*INFORMATION*.
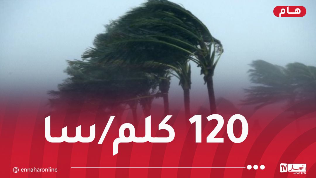 حذّرت نشرية خاصة لمصالح الأرصاد الجوية، اليوم الثلاثاء، من هبوب رياح جد قوية من غربية إلى جنوبية غربية، تتعدى الـ120 كلم/سا، على عدة ولايات من الوطن.
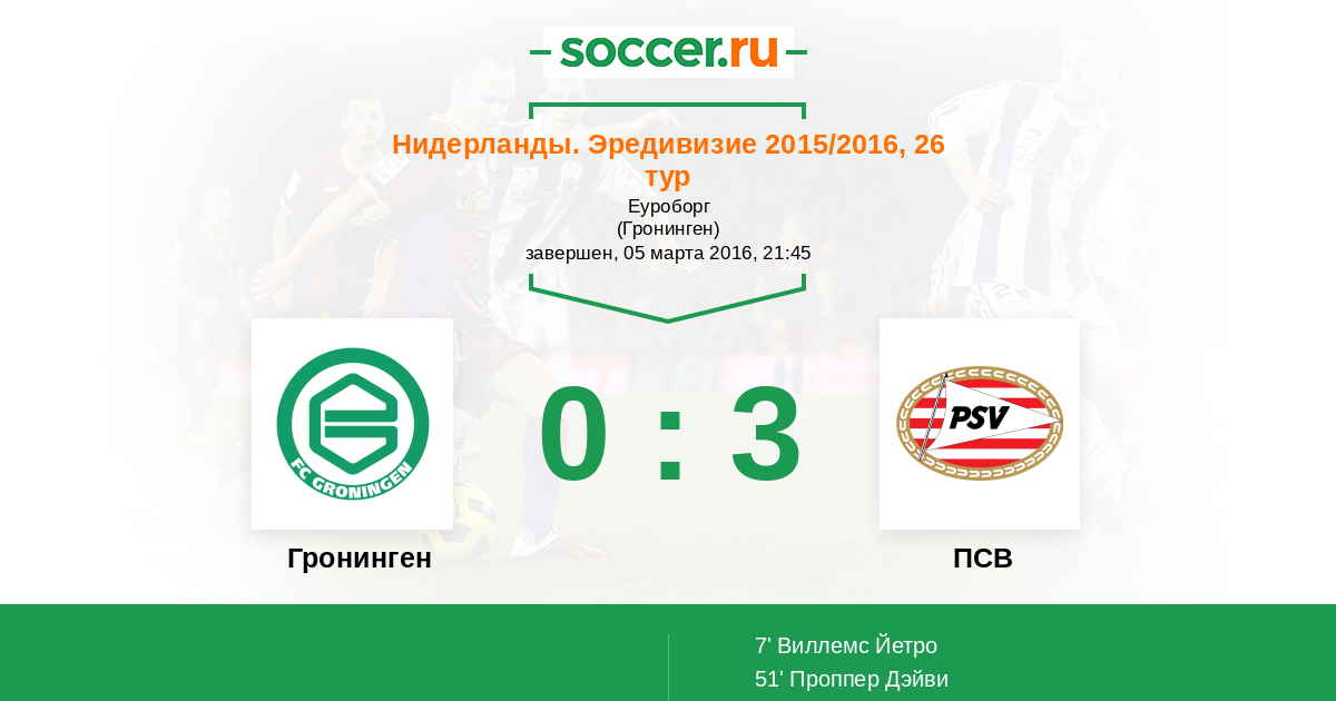 7' (0:1) Виллемс Йетро (15) (ван Гинкел Марко (28))
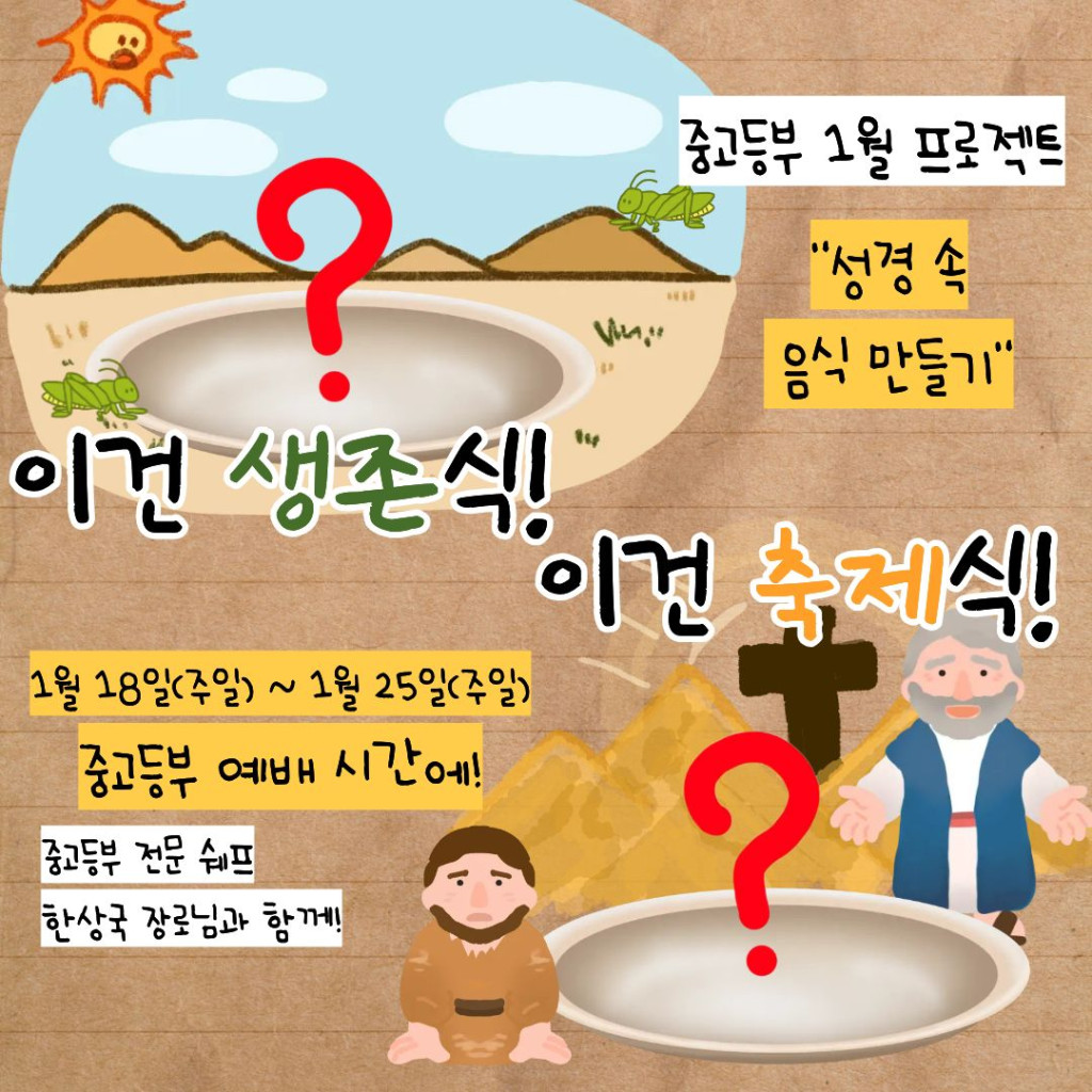 중고등부는 1월 프로그램으로 <성경 속 음식 이야기>를 나누며, 성경 음식을 만들어 먹는 시간을 갖습니다.
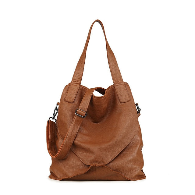 Full Genuine Leather Shoulder Bag Women Large Capacity Daily Bag Brand Designers Tote Purse High Quality Brown Shopping Bags
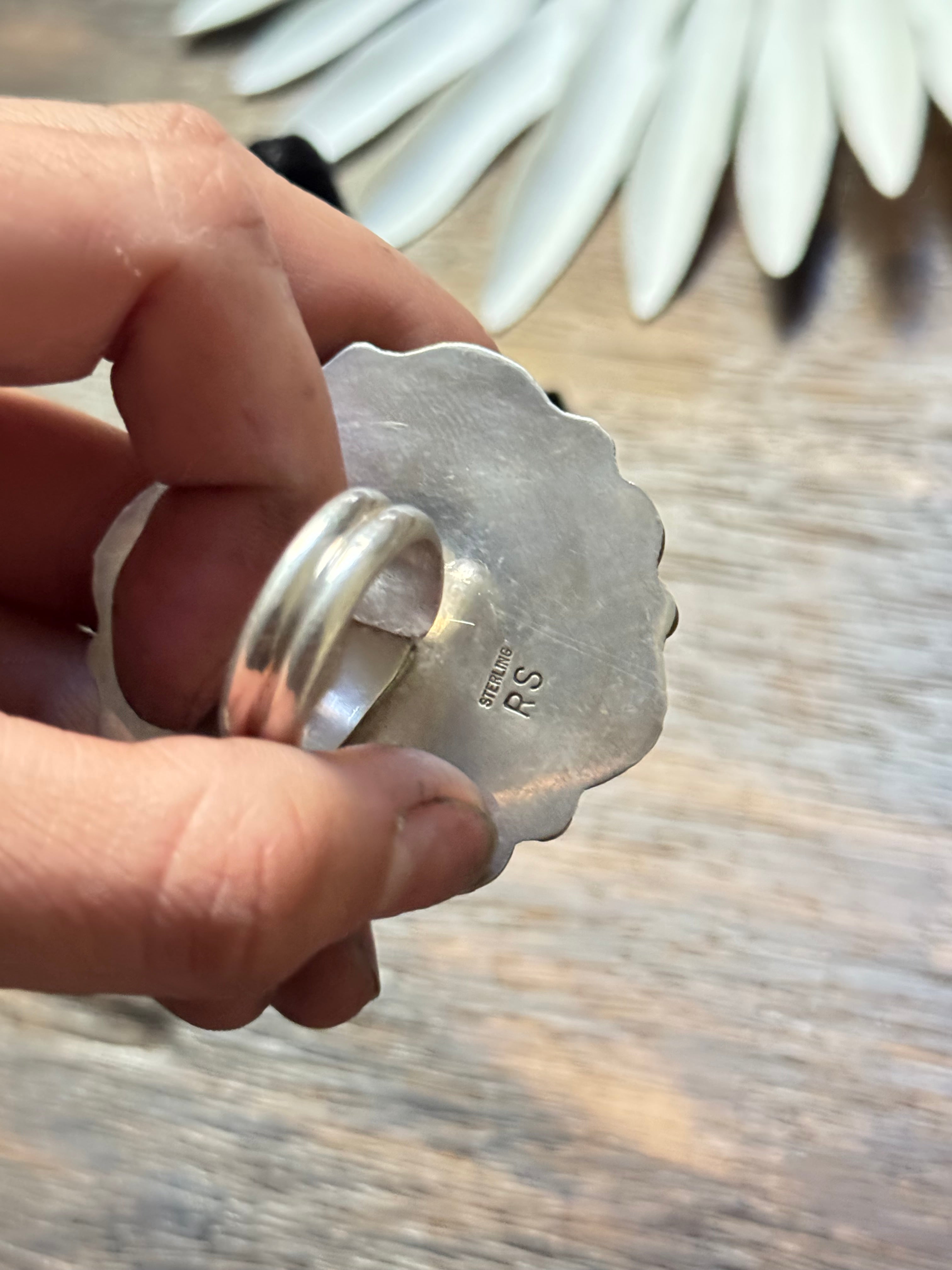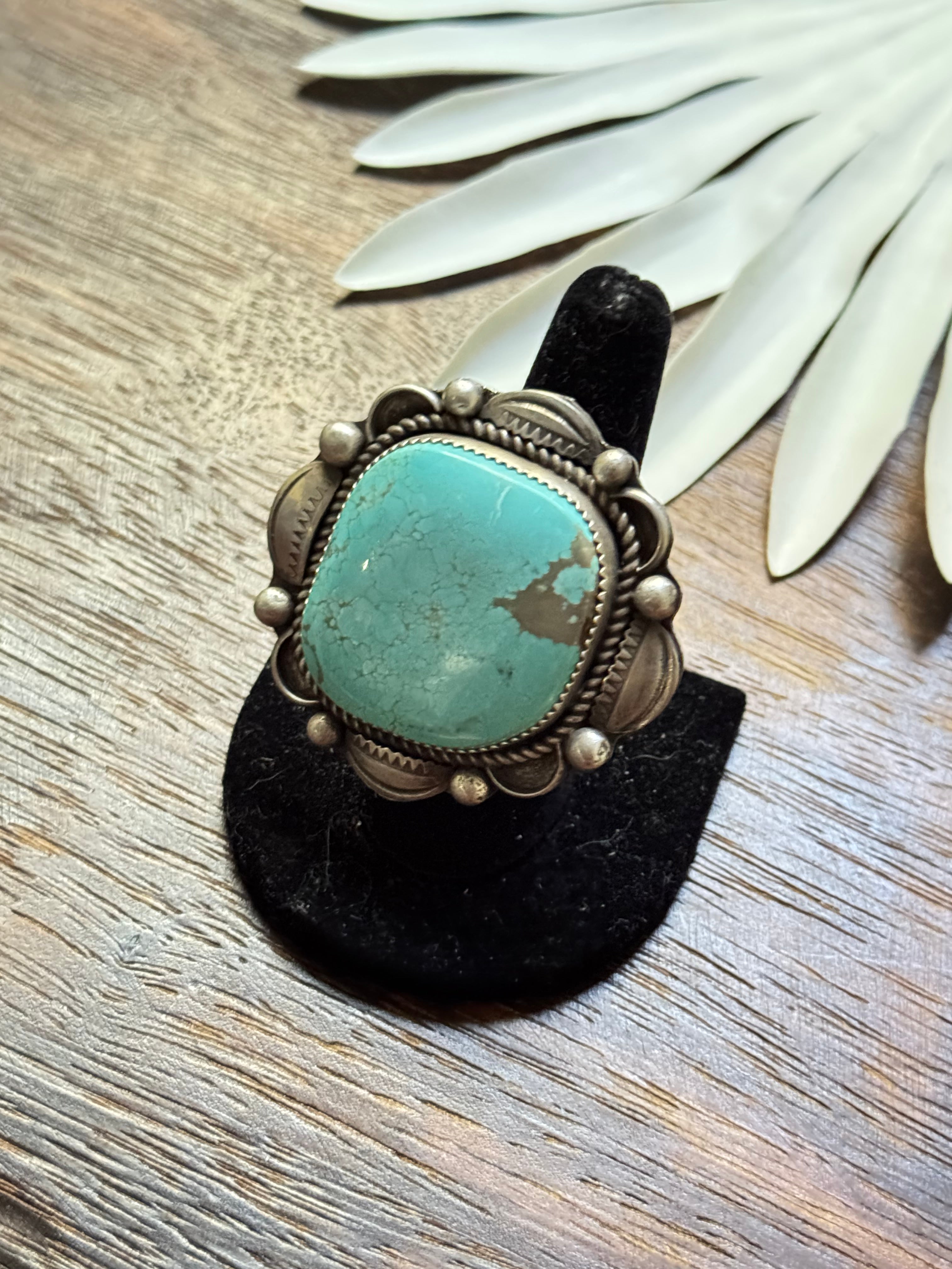 Beautiful ring.Navajo Made #8 Turquoise & Sterling Silver Adjustable Ring. It measures 1 3/4 inches long and 2 inches wide. Stamped sterling silver and signed.
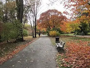 Following completion of the Emerald Necklace Parks Master Plan in 1989 (updated in 2001),[2] a number of improvements have been made in Olmsted Park. Riverdale Parkway, originally designed as a carriage road, was transformed into a bicycle and pedestrian path in 1997–98.[3] The Allerton Overlook at the foot of Allerton Street in Brookline was recreated, footbridges re-pointed, and a boardwalk placed at the south end of Wards Pond.
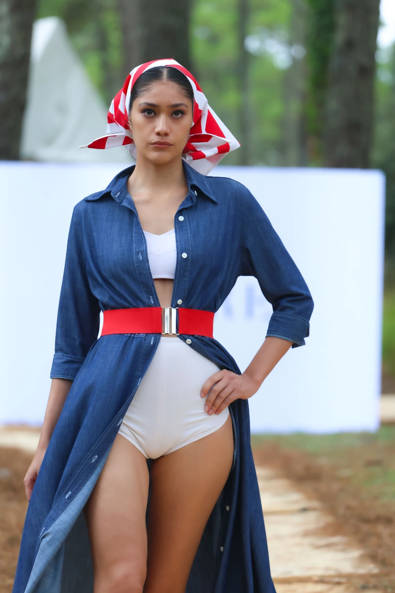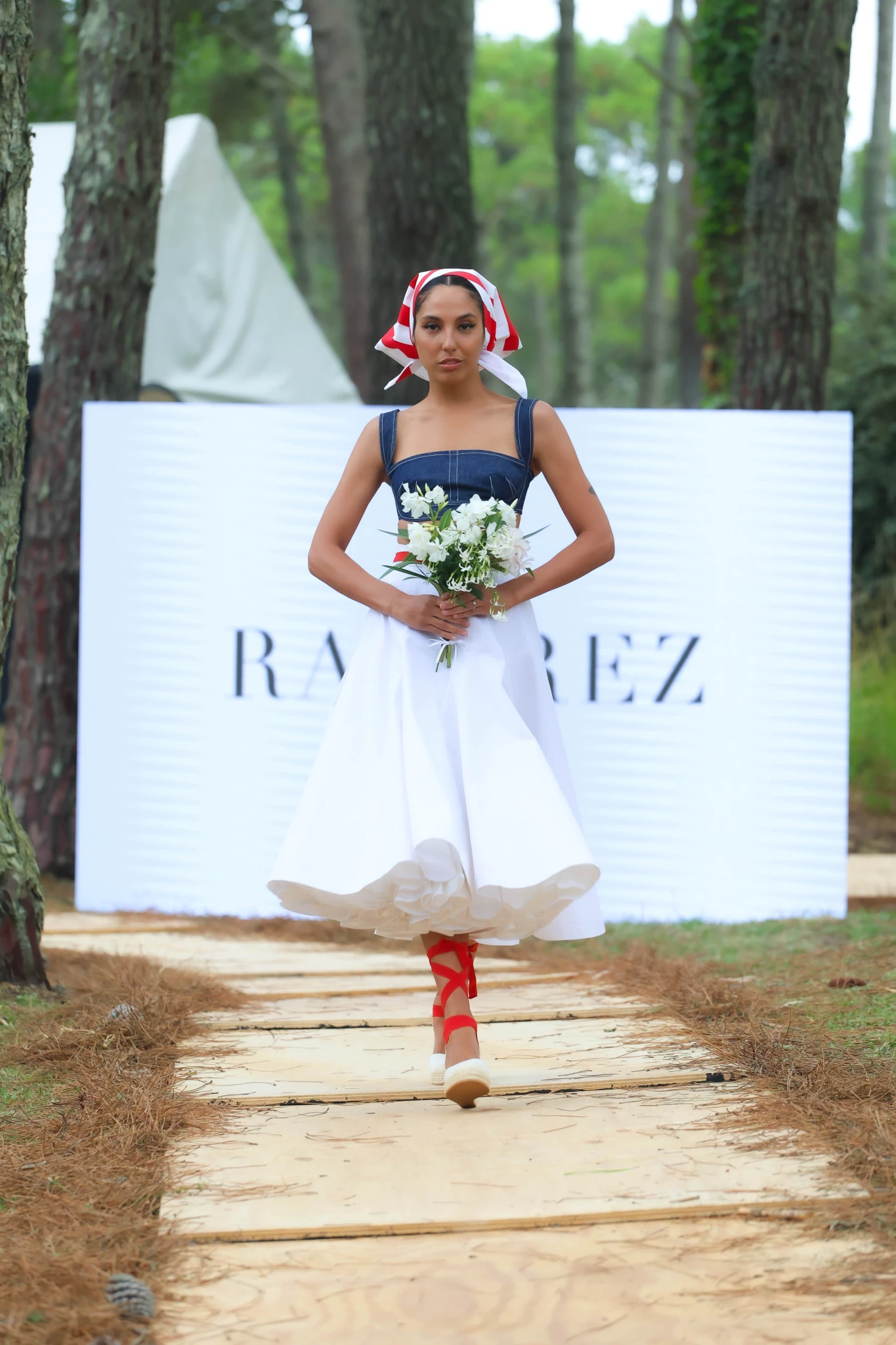 La colección se despliega desde una narrativa fresca, de renovación e inspiración, con una paleta cromática esencial compuesta por azul, blanco y rojo, colores que definen la identidad visual de la temporada. El azul se expresa a través de un denim camisero desarrollado por Vicunha para la línea RAMÍREZ DENIM, presente en vestidos, soleras, faldas, pantalones y chemises.

*ACTIVITY*. Write out the records above exactly. Begin with the first line, end with the line holding "중고등부는 1월 프로그램으로", and drop the pictures.

*FINAL ANSWER*.
 حذّرت نشرية خاصة لمصالح الأرصاد الجوية، اليوم الثلاثاء، من هبوب رياح جد قوية من غربية إلى جنوبية غربية، تتعدى الـ120 كلم/سا، على عدة ولايات من الوطن.
 7' (0:1) Виллемс Йетро (15) (ван Гинкел Марко (28))
 중고등부는 1월 프로그램으로 <성경 속 음식 이야기>를 나누며, 성경 음식을 만들어 먹는 시간을 갖습니다.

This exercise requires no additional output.